Washington voters passed Initiative 594, which expanded background checks to private sales like some of those found online or at gun shows. The vote, in part, was an acknowledgment that states with strong gun laws see far fewer gun deaths than those with weak gun laws. The Center for Gun Responsibility, the organization that I lead, is hard at work finding and implementing the most effective programs and policies that prevent the harms from gun violence. Here’s what we’re working on:
• Supporting original research into what motivates and enables violent people to take lives
• Funding new programs that provide tools and data to directly benefit community well-being, such as those recently passed in Seattle
• Advocating for evidence-based laws, such as “extreme-risk protection orders,” which help keep guns out of irresponsible hands
• Providing public education on how gun violence must be treated as a public-health crisis and focusing on past violence as the best predictor of future violence
• Building alliances and partnerships between groups, from gun-owners to law enforcement, which believe in gun responsibility
The demand for strong gun laws is shared by Americans of all walks of life. The enormity of our gun-violence crisis demands that we leave behind old biases and unproductive conflicts.

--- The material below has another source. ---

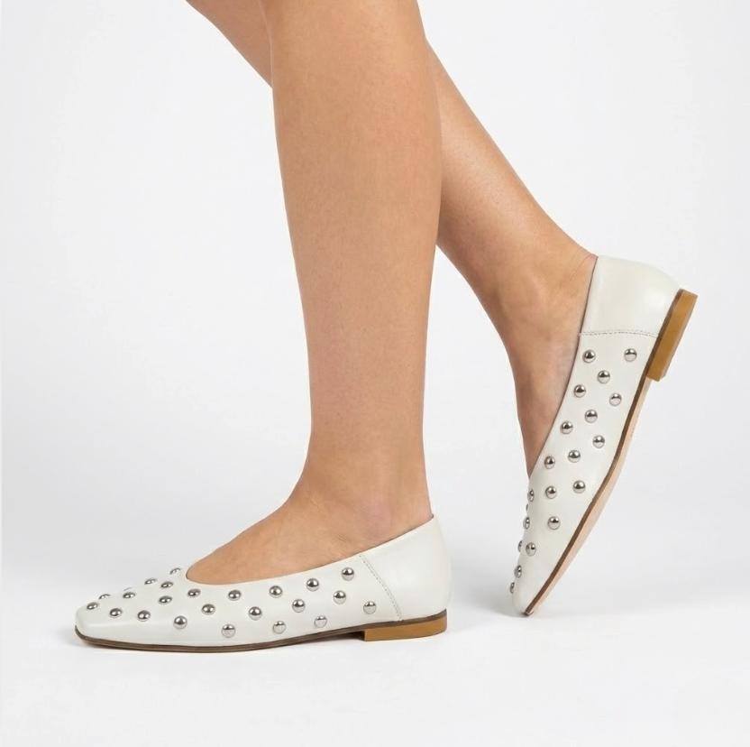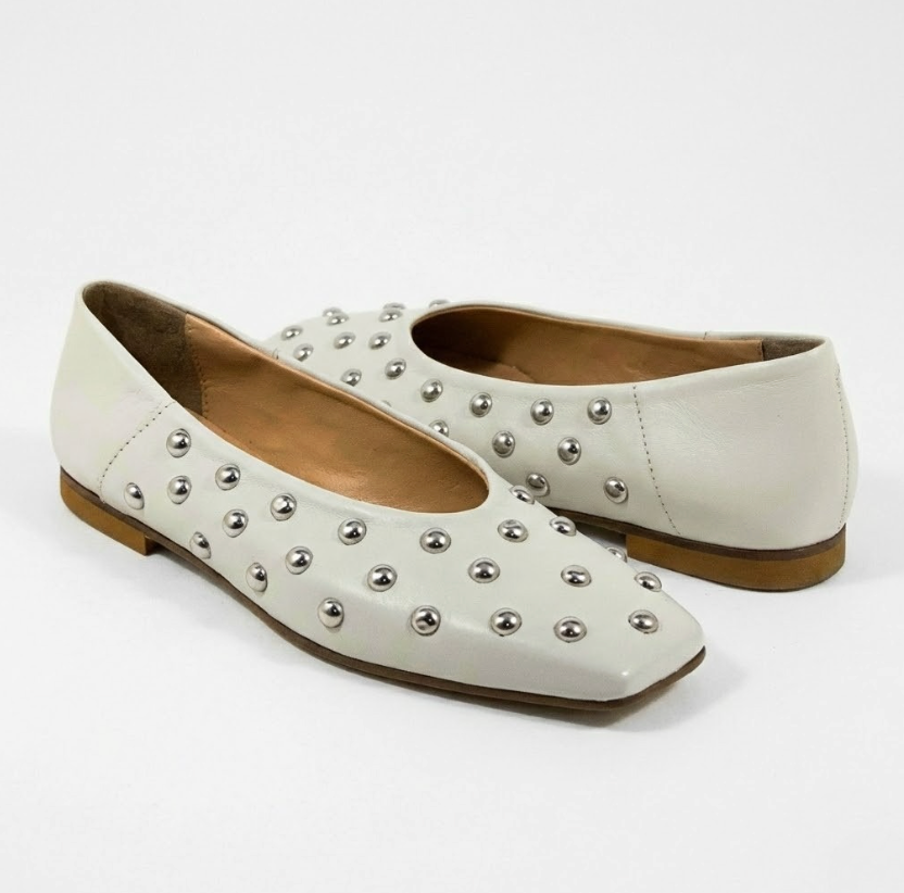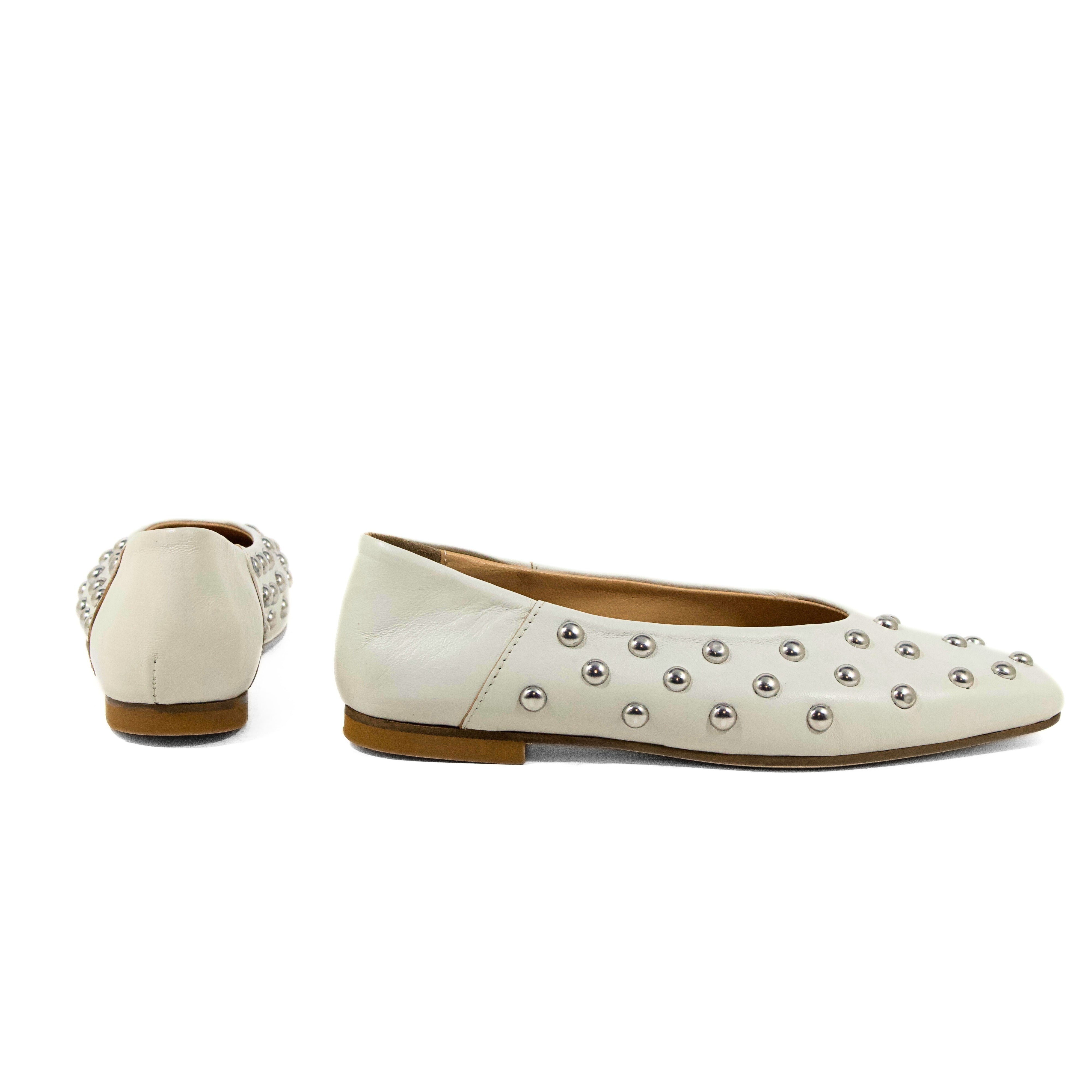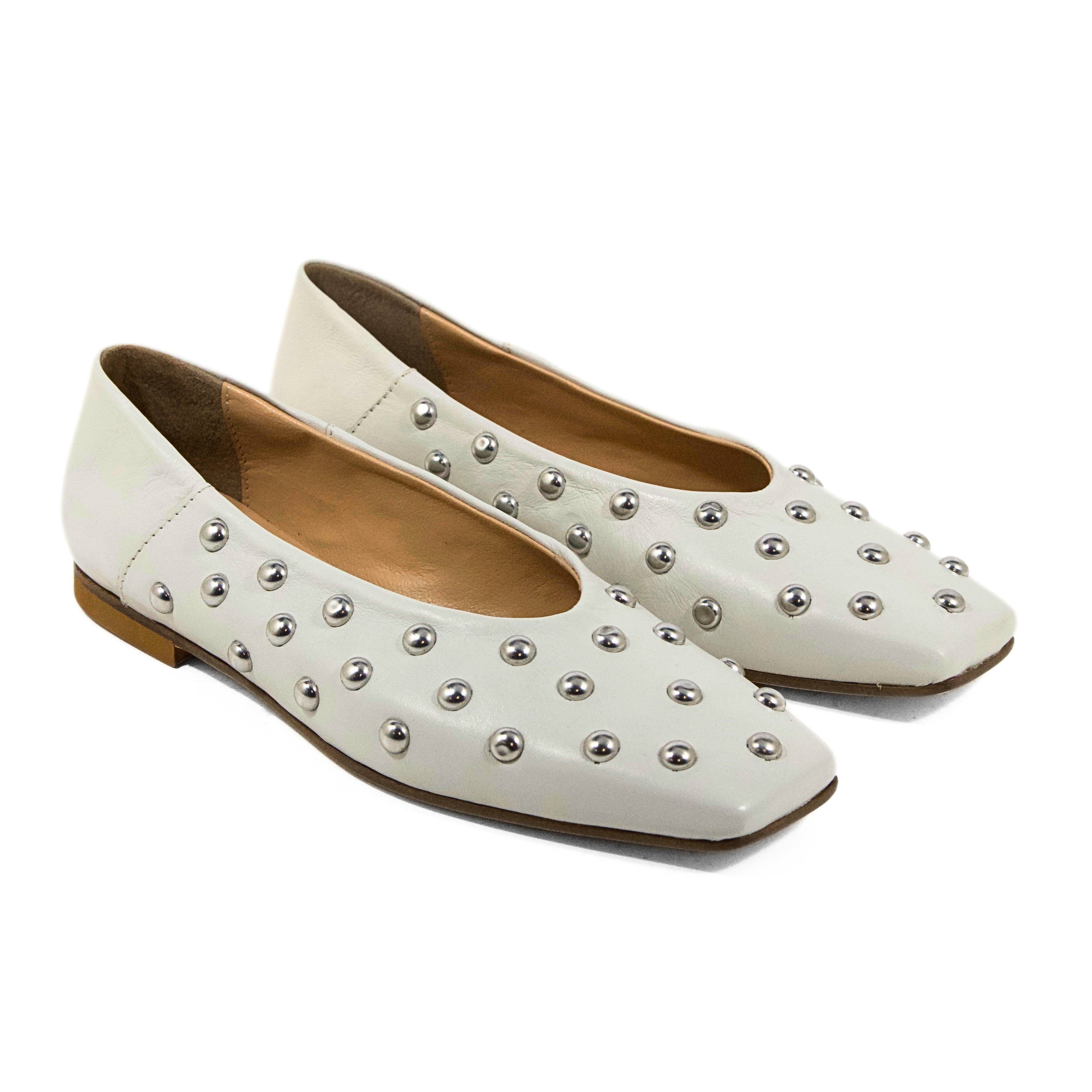 BALLERINA IN NAPPA OFF WHITE CON BORCHIE ARGENTO E PUNTA SQUADRATA

Take our law-enforcement community. The reality is that law enforcement is helping to identify policies that measurably reduce firearm deaths and injuries. The role of the Center for Gun Responsibility is to develop these kinds of partnerships so that our collective energy, and our best minds, are focused on finding meaningful solutions.
Our task will not be easy. The path ahead will involve honest and often uncomfortable conversations about violence, inequality, mental health and more. Special interests will attempt to convince us that we are powerless to take action to make our communities safer.
Change begins by creating the space for meaningful progress on innovative policy and research with a single goal: to bend the needle on gun violence and save lives.
Washington state will again be a model for the nation on confronting the cycle of gun violence. Our movement has achieved so much in so little time. I hope you will join us as we focus on the questions of public and mental health, suicide prevention, law, violence and equality that lie at the heart of gun violence in our country.